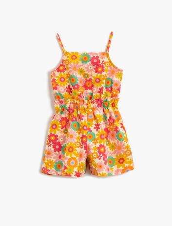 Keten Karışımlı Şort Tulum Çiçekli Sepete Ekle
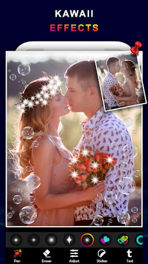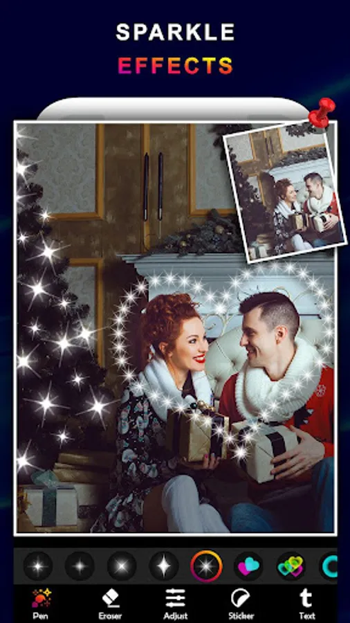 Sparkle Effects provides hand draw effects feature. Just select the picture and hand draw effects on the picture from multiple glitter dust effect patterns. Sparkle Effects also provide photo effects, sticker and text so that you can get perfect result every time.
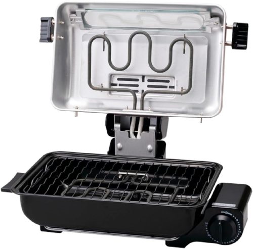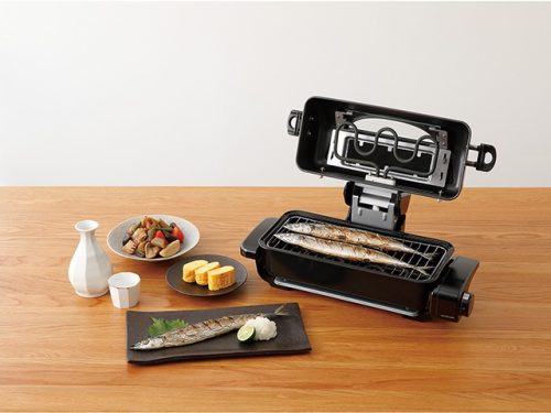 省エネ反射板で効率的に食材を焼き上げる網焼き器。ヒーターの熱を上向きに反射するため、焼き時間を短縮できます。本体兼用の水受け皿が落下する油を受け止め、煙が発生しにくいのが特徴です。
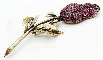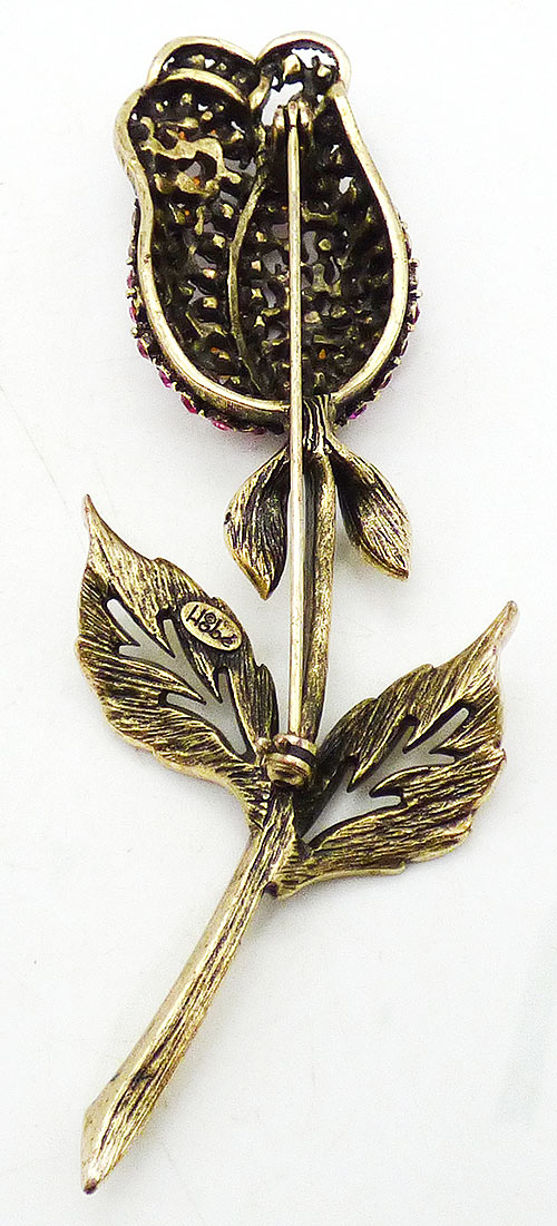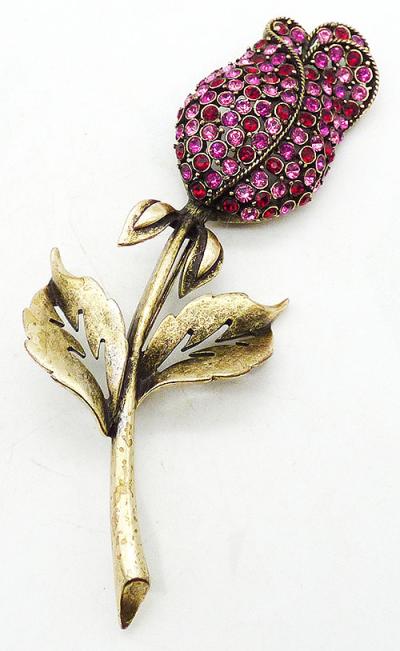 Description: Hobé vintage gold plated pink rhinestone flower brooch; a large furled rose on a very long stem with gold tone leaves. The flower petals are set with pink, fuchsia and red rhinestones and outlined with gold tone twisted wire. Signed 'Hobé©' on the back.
- - - - -
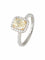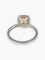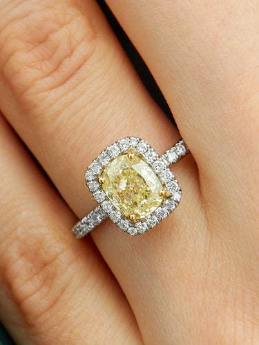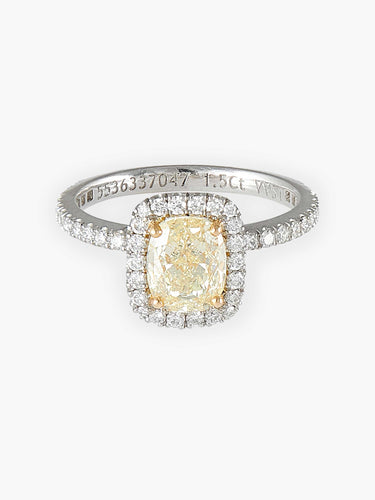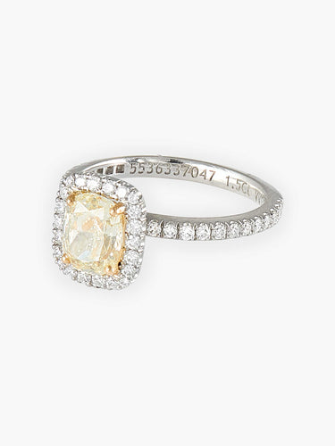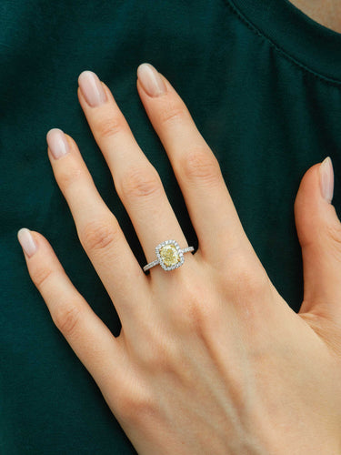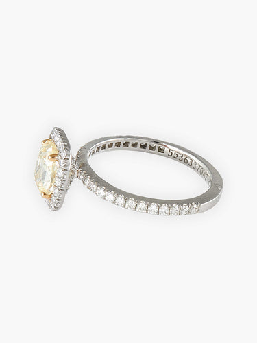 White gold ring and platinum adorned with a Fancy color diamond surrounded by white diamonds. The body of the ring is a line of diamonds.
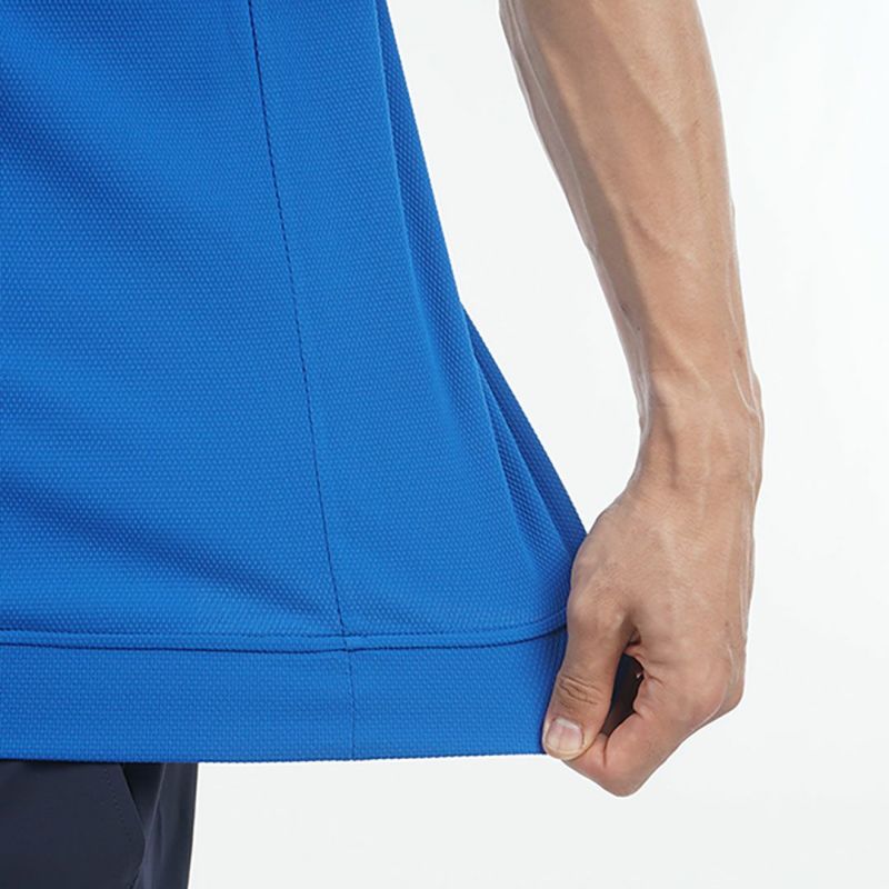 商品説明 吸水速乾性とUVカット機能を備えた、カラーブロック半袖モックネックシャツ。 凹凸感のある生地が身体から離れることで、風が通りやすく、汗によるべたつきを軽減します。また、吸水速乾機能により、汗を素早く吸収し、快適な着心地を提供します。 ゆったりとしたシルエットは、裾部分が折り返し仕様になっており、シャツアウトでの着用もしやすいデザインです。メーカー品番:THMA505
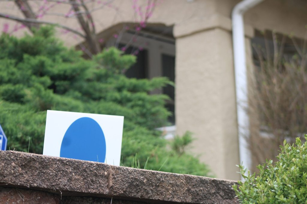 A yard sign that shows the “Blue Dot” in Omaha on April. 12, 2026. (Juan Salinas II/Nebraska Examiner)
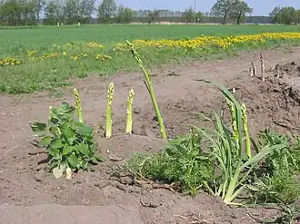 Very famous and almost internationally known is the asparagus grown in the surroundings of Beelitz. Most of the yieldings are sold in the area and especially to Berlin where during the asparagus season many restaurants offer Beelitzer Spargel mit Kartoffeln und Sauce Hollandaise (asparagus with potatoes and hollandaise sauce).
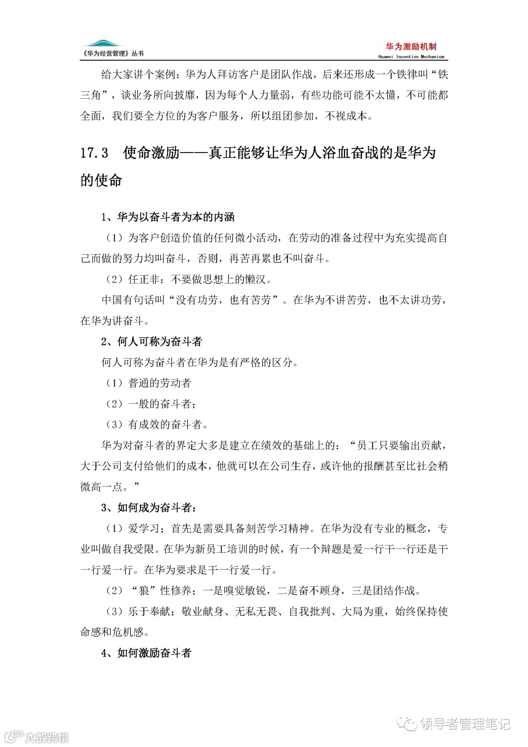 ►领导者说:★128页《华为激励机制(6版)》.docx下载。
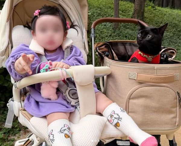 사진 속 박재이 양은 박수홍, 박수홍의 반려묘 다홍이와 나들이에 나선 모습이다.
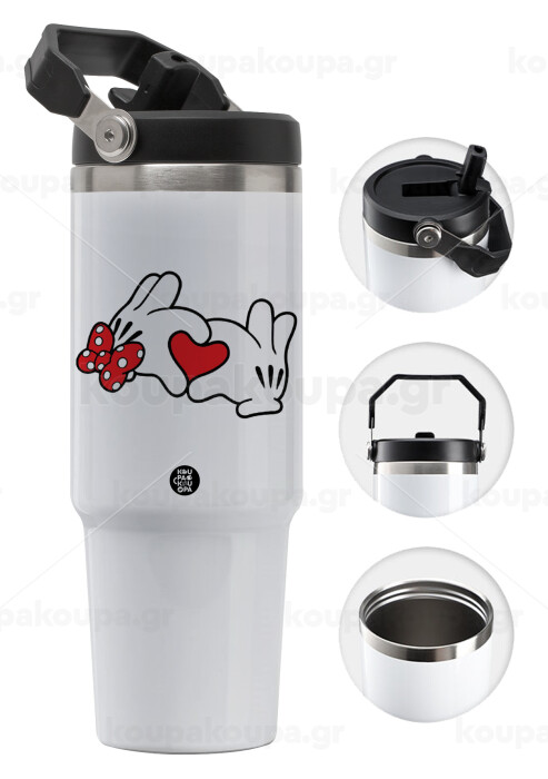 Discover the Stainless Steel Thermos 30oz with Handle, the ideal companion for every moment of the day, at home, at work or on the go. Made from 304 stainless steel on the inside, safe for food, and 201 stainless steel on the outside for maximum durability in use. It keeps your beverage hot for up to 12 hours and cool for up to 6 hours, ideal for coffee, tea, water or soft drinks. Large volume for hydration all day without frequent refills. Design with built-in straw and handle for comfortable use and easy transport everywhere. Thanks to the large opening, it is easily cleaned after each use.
- - - - -
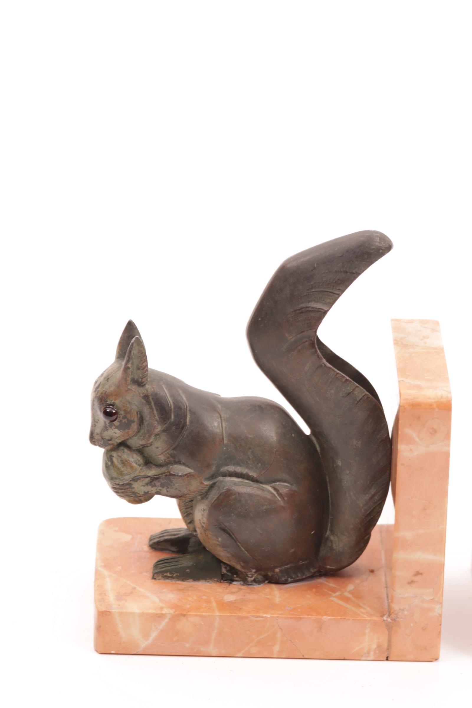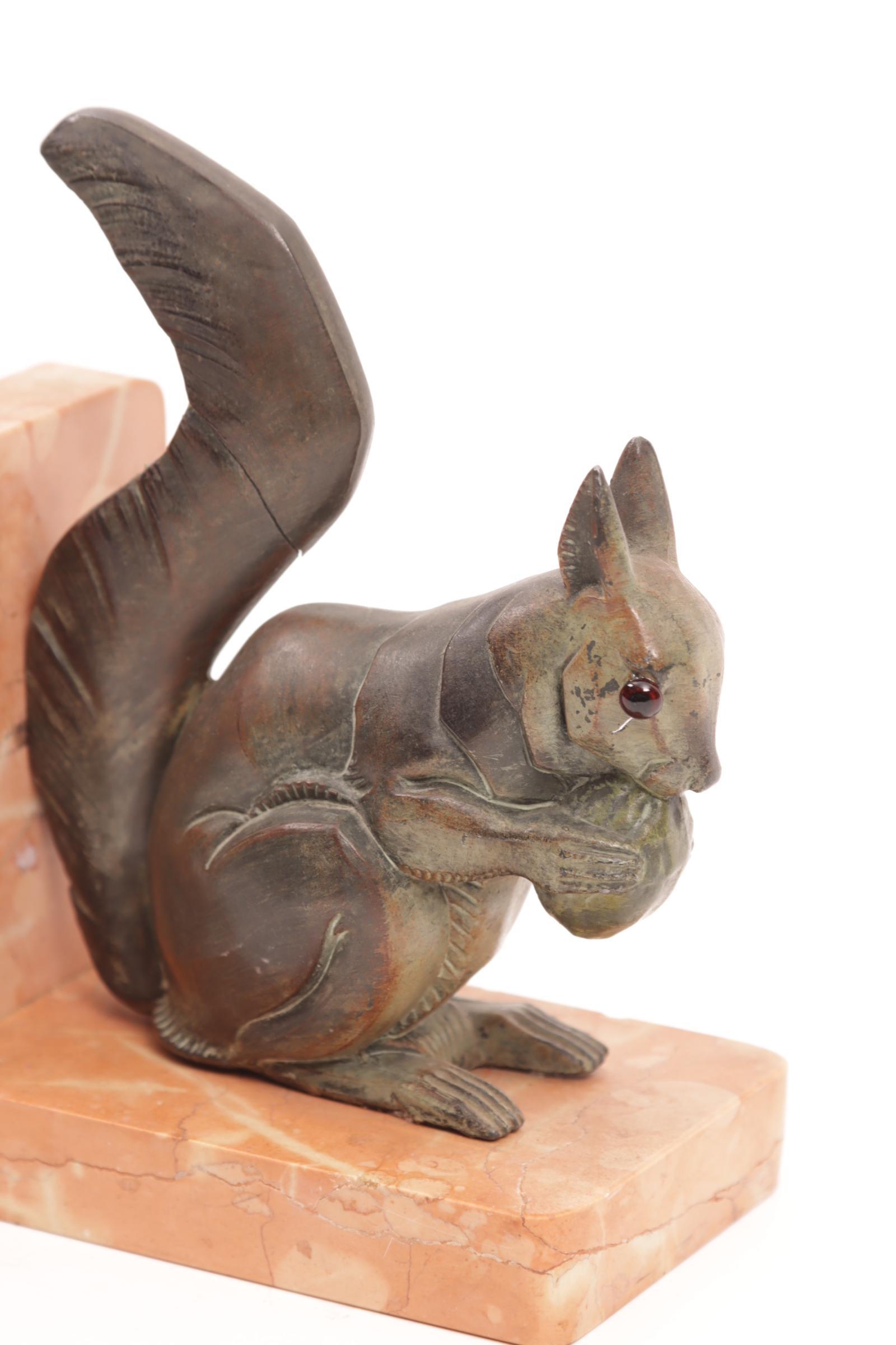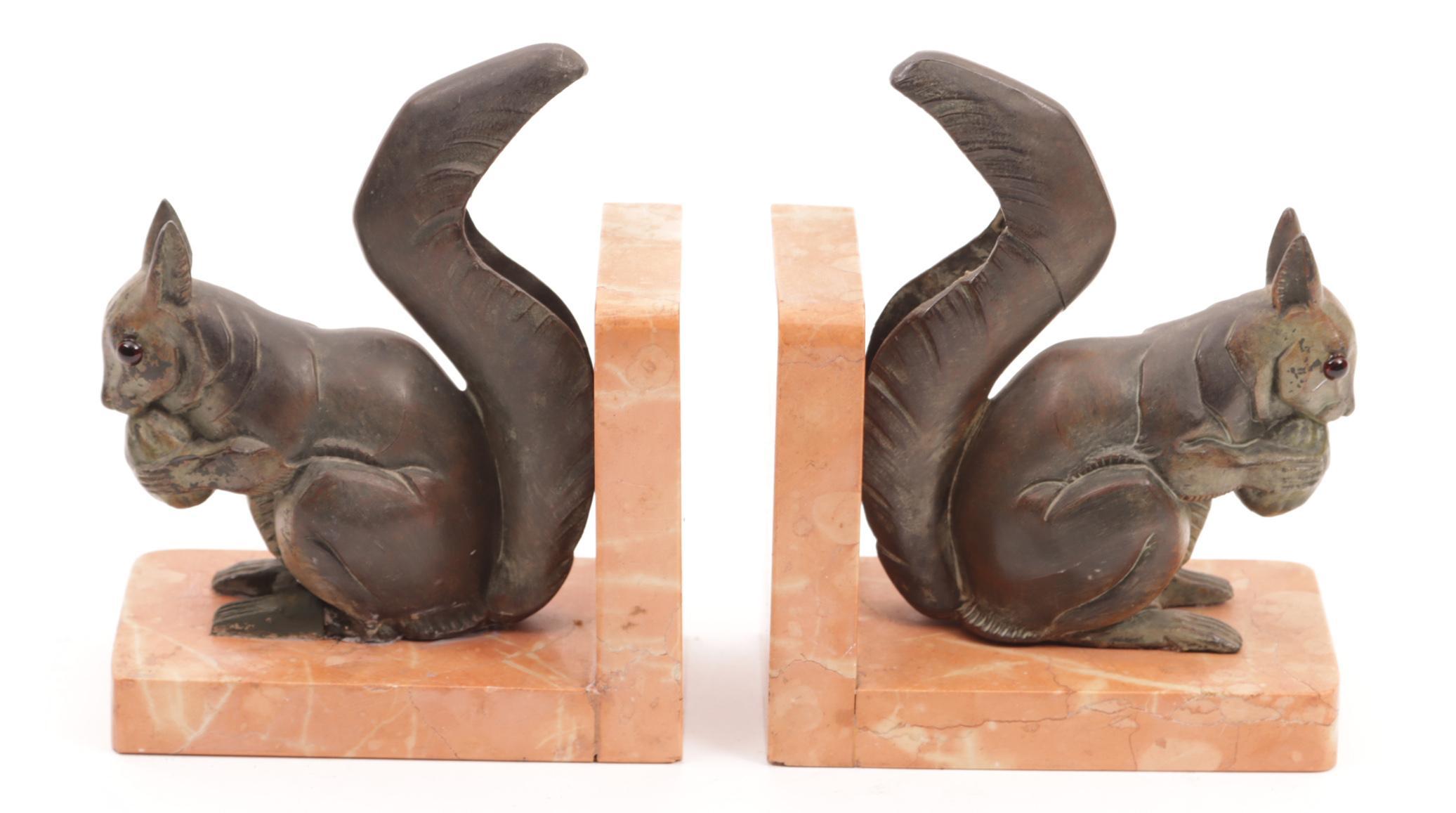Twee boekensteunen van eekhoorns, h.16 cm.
- - - - -
→ **WHAT YOU ARE ASKED TO DO**:
Each line above from the one containing "A yard sign" through the one containing "Discover the Stainless" is to be returned verbatim. Nothing else, and no pictures.

→ **WRITTEN REPLY**:
 A yard sign that shows the “Blue Dot” in Omaha on April. 12, 2026. (Juan Salinas II/Nebraska Examiner)
 Very famous and almost internationally known is the asparagus grown in the surroundings of Beelitz. Most of the yieldings are sold in the area and especially to Berlin where during the asparagus season many restaurants offer Beelitzer Spargel mit Kartoffeln und Sauce Hollandaise (asparagus with potatoes and hollandaise sauce).
 ►领导者说:★128页《华为激励机制(6版)》.docx下载。
 사진 속 박재이 양은 박수홍, 박수홍의 반려묘 다홍이와 나들이에 나선 모습이다.
 Discover the Stainless Steel Thermos 30oz with Handle, the ideal companion for every moment of the day, at home, at work or on the go. Made from 304 stainless steel on the inside, safe for food, and 201 stainless steel on the outside for maximum durability in use. It keeps your beverage hot for up to 12 hours and cool for up to 6 hours, ideal for coffee, tea, water or soft drinks. Large volume for hydration all day without frequent refills. Design with built-in straw and handle for comfortable use and easy transport everywhere. Thanks to the large opening, it is easily cleaned after each use.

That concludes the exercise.